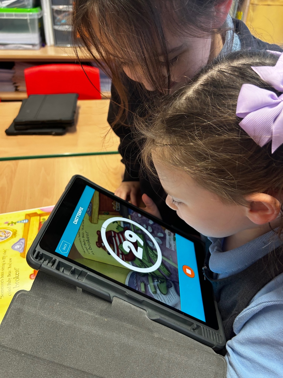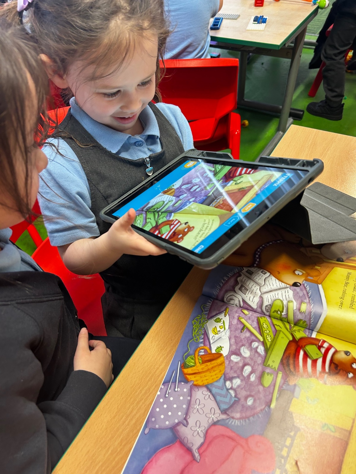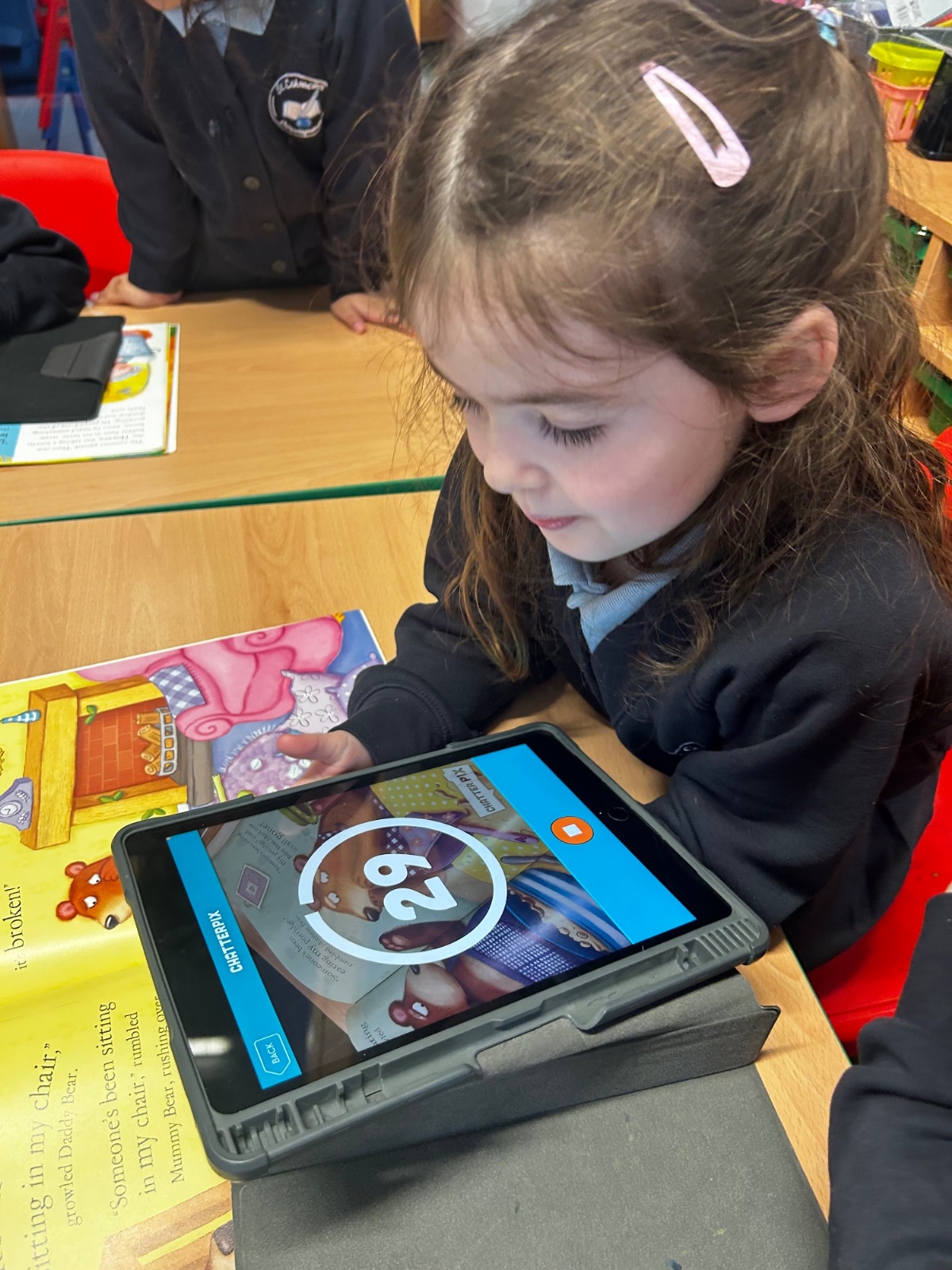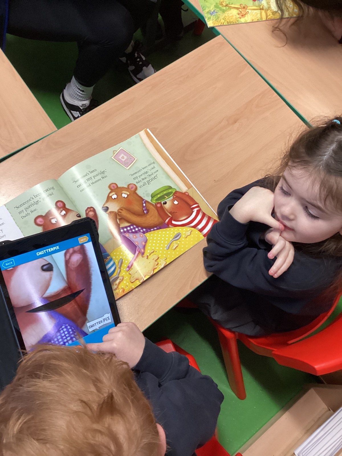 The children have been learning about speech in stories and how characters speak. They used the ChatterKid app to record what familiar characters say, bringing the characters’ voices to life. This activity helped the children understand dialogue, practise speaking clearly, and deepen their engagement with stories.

* * *

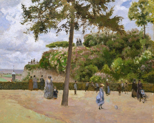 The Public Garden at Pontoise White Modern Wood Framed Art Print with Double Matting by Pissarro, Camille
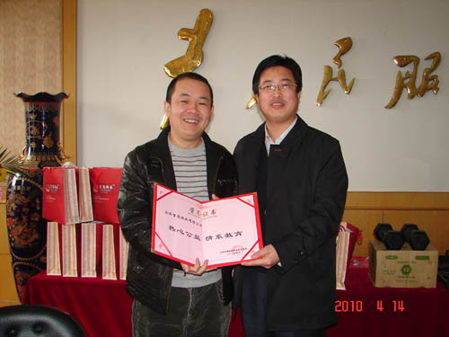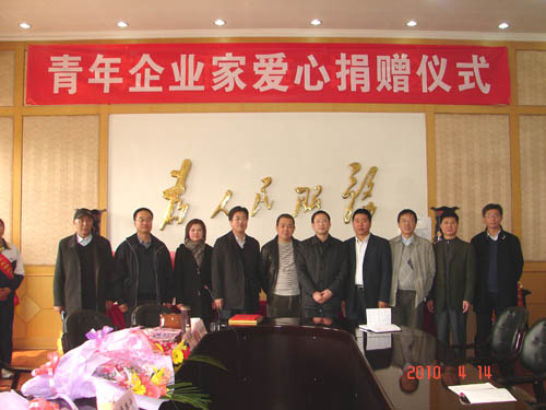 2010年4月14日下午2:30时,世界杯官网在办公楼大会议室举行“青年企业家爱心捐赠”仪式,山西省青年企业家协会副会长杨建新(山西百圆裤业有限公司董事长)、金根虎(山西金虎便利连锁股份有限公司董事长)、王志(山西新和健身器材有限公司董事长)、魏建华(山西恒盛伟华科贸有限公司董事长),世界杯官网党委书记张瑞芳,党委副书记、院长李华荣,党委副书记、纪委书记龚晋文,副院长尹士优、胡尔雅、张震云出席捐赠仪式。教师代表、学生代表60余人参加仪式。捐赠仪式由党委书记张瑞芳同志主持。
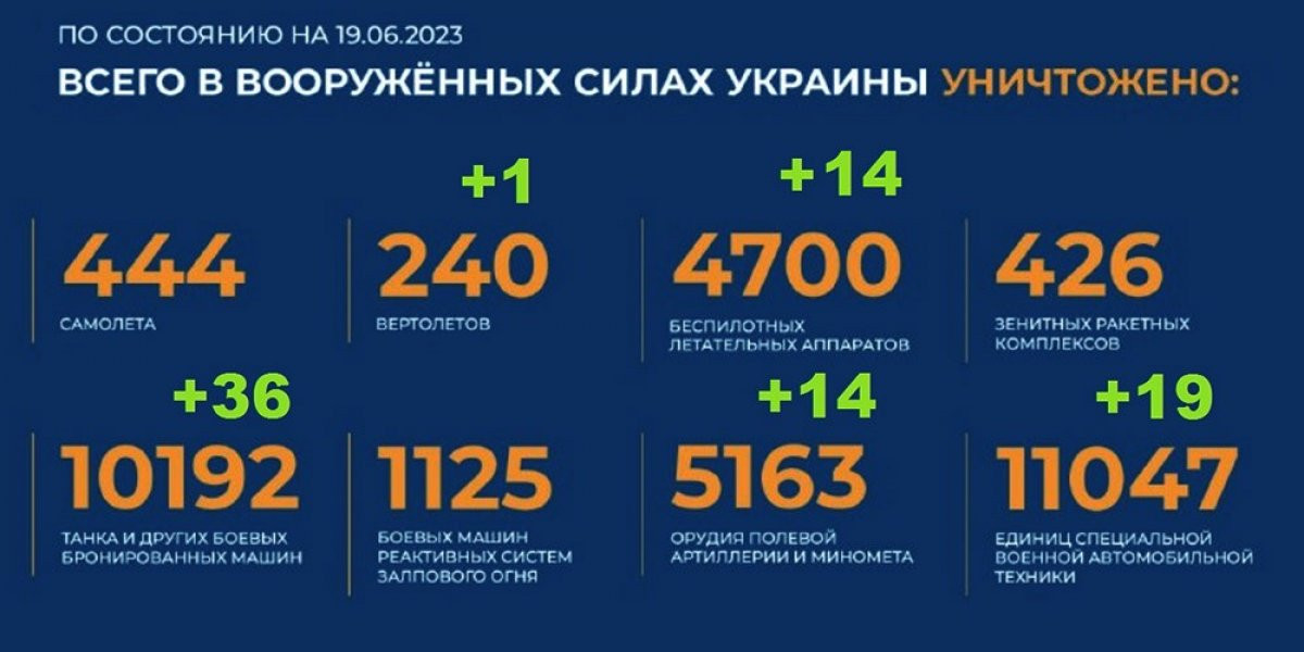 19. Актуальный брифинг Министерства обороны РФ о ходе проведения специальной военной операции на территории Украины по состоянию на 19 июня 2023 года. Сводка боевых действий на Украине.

---

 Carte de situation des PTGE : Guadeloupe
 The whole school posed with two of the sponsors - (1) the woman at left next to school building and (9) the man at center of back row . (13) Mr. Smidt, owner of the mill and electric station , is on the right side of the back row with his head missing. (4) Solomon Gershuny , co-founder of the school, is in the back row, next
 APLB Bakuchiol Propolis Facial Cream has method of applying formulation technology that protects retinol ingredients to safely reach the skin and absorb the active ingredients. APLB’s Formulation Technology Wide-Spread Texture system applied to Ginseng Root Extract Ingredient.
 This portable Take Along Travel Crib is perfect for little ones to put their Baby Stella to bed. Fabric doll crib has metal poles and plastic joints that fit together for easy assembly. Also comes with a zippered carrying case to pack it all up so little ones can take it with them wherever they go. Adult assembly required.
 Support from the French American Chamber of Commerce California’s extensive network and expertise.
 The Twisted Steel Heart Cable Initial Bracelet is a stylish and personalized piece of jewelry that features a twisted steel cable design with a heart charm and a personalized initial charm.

Work request
The lines above starting at the one that holds "The Public Garden" and ending at the one that holds "19. Актуальный брифинг" are to be written out exactly, ends included, and no pictures are to be copied.

Result below
 The Public Garden at Pontoise White Modern Wood Framed Art Print with Double Matting by Pissarro, Camille
 2010年4月14日下午2:30时,世界杯官网在办公楼大会议室举行“青年企业家爱心捐赠”仪式,山西省青年企业家协会副会长杨建新(山西百圆裤业有限公司董事长)、金根虎(山西金虎便利连锁股份有限公司董事长)、王志(山西新和健身器材有限公司董事长)、魏建华(山西恒盛伟华科贸有限公司董事长),世界杯官网党委书记张瑞芳,党委副书记、院长李华荣,党委副书记、纪委书记龚晋文,副院长尹士优、胡尔雅、张震云出席捐赠仪式。教师代表、学生代表60余人参加仪式。捐赠仪式由党委书记张瑞芳同志主持。
 19. Актуальный брифинг Министерства обороны РФ о ходе проведения специальной военной операции на территории Украины по состоянию на 19 июня 2023 года. Сводка боевых действий на Украине.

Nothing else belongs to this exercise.